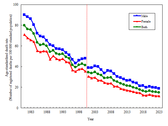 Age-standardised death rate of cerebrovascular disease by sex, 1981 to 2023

...

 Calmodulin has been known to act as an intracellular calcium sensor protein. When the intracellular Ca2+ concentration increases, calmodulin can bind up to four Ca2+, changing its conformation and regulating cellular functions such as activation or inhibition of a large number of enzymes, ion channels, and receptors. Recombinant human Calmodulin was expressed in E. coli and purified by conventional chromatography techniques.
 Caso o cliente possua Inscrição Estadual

==

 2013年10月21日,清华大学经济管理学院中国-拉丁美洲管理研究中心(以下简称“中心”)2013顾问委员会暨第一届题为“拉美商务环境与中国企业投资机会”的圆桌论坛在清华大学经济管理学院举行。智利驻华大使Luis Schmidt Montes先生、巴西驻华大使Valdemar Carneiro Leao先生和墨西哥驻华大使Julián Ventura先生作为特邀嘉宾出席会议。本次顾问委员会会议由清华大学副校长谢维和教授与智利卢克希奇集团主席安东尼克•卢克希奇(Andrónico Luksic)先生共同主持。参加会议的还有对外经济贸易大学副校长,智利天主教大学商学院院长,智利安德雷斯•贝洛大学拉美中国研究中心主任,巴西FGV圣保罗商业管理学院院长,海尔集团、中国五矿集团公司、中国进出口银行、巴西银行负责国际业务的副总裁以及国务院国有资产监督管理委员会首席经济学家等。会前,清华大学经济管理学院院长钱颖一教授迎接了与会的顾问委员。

- **TASK DETAILS**
Within the listing above, extract exactly the lines from the line with "Calmodulin has been" to the line with "Caso o cliente possua Inscrição Estadual", the two named lines included, and no others.

- **RESULT**
 Calmodulin has been known to act as an intracellular calcium sensor protein. When the intracellular Ca2+ concentration increases, calmodulin can bind up to four Ca2+, changing its conformation and regulating cellular functions such as activation or inhibition of a large number of enzymes, ion channels, and receptors. Recombinant human Calmodulin was expressed in E. coli and purified by conventional chromatography techniques.
 Caso o cliente possua Inscrição Estadual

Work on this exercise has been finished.